5. Conclusions and Future Direction

This article proposed a new method towards the improvement of historical text images. Initially, the image is scaled up using a new bi-cubic interpolation of Lifting Wavelet Transform (LWT) and Stationary Wavelet Transform (SWT) to enhance pixels resolution and to reduce noise and blurring effects without degrading the quality of the image. Second, the GAN model is employed to extract the spatial and spectral features of a historical text image. The proposed method may be implemented in future for X-ray and CT images to assist clinical process. There is, however, still room for improvement.

Text readability is improved by sharpening the edges and lowering the contrast of the image’s background.

Overexposure and underexposure correction, super resolution, and OCR performance evaluation are a few key areas open for future work. Overexposure arises when excessive light is captured during the digitization process, particularly when using a smart phone. The camera flash adds an excessive amount of reflection or glare to the image, and as far as we know, no study is available to overcome this issue for historical text image enhancement. The same is true for underexposure when the lighting is poor. The underexposure problem received high attention recently. Moreover, fading is also a problem of attention and under-studied task. It occurs due to aging, washing out and illumination, etc.

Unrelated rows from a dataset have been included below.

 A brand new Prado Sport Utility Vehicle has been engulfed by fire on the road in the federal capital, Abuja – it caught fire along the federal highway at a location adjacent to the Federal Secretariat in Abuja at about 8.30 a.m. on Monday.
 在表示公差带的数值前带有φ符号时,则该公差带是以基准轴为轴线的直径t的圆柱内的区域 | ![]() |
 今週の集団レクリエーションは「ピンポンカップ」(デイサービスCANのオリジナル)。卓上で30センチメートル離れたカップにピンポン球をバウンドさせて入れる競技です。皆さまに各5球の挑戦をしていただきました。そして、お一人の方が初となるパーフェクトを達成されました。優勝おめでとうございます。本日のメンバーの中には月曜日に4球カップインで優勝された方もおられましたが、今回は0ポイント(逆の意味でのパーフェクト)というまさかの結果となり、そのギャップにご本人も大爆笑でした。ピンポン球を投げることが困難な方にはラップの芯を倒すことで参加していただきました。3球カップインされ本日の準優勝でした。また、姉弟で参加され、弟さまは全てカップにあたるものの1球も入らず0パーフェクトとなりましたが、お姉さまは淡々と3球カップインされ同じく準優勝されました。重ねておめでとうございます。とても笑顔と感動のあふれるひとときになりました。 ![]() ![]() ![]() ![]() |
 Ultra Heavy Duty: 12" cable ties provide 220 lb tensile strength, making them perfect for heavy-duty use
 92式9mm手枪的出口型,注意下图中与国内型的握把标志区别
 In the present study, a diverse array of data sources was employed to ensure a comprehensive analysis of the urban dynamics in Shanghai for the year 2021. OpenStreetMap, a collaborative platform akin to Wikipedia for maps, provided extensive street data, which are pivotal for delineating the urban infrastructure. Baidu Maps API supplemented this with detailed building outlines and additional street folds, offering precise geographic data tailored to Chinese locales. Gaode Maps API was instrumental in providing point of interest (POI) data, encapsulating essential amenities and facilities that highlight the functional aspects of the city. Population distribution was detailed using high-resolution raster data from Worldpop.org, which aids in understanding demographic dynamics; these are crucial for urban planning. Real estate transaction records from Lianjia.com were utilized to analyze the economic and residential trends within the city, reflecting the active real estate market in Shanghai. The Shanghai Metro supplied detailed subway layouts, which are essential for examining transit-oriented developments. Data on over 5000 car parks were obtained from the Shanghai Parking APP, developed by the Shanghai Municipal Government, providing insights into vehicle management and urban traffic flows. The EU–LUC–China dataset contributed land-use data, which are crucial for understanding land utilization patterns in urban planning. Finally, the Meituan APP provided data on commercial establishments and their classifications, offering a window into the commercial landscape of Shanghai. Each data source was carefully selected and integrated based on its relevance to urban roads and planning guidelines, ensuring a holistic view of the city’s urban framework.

Super-resolution of documents is a burning area in the field of image analysis and understanding. Low-resolution images create uncertainties for character recognition methods. Super-resolution is more challenging, especially when historical documents have noises and artifacts. In the future, effective deep learning methods, particularly transformer-based super-resolution methods, will be required to improve OCR performance.

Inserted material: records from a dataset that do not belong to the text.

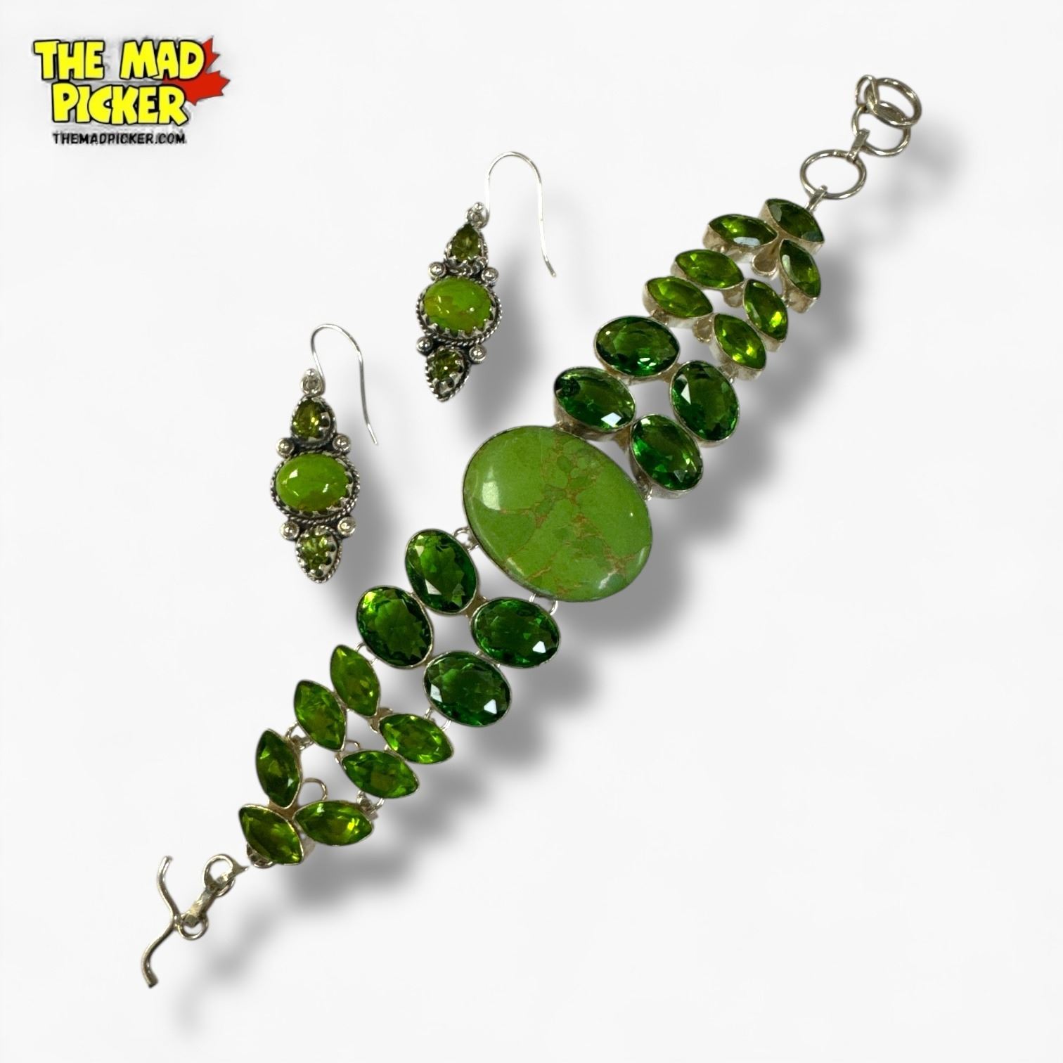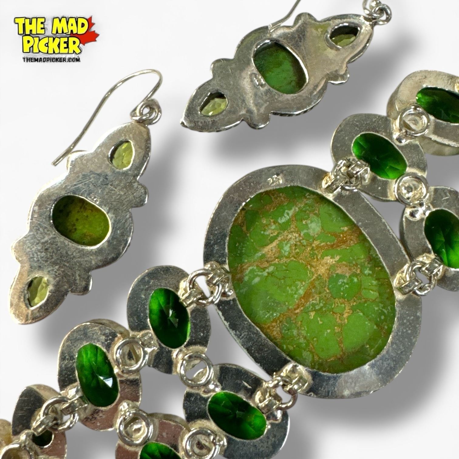 .925 Sterling Green Turquoise & Peridot Bracelet & Earrings Set (Bracelet is 1.5" wide)- Total weight: 57.8 grams
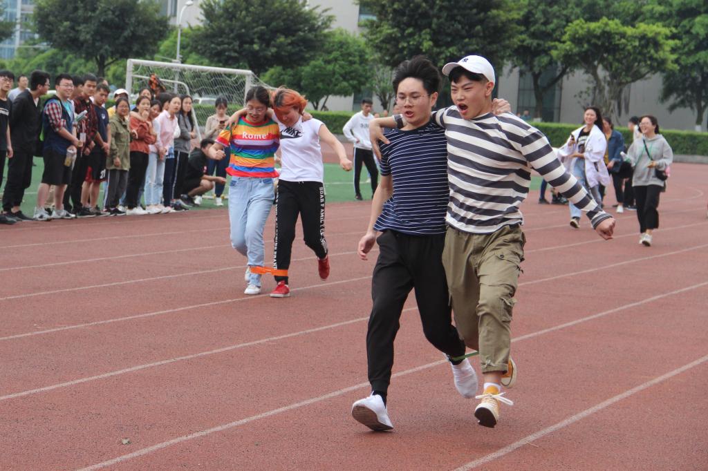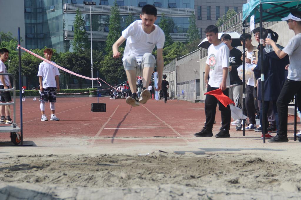本次运动会的比赛项目分为田赛径赛两类,除了常规的100m、200m、400m、800m、4×100m接力、跳远、铅球等个人单项外,还设立了三人两足接力、跳大绳、抛绣球等趣味运动项目。趣味运动项目的进行将整个运动会的氛围推向了高潮。按照比赛规则,两人三足要求两名同学用绑腿将两人相邻的小腿绑住,进行六组五十米的接力赛跑,这对小班同学们的默契度提出了较高的要求,而抛绣球则要求一位同学用嘴叼住纸杯去接住同伴抛过来的乒乓球,既考验接球同学的反应速度,又考验抛球同学的准度。紧张而又激烈的比赛不仅锻炼了各小班的团结协作能力,也增进了同学之间的友谊。
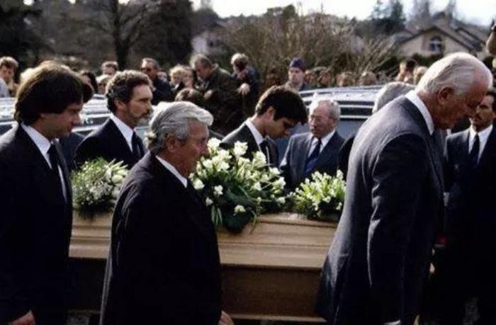 纪梵希默默低着头,和赫本的丈夫和儿子抬着灵柩,陪她走完了人生的最后一程。
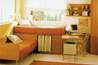 连接方便、容易拆装组合是板式家具的出众特点,也因此深受公寓住宅消费者的喜爱。今年的板式家具更极致地优化了组合的方式,强调DIY的游戏生活可能,即:只要想得到就可以随意组合和拆装。市场上常见的猫王品牌以“家中的移动办公室”最早引发了组装的可能性,后起的“游戏世家”推进了这种组装,强调家具的每个部件均可拆卸,任意组合。这类家具的出现使得那些乐意通过移动家具位置改变家中每季感觉的消费者又找到一个变化生活的出口。挑选这类家具尤其要注意五金件的使用,只有优良的五金件才能确保自如的拆装效果。

Enhancing Optical Character Recognition, or OCR, is another crucial subject that needs attention in order to help automated text analysis of documents. Existing practices either overlook assessing their techniques in terms of OCR, or reveal OCR improved performance only on a small number of images, which is insufficient to demonstrate the practicality of their methodologies. Figures S1 and S2 show the examples of these tasks in the Supplementary Materials file. Figure S3 depicts an interpolation example.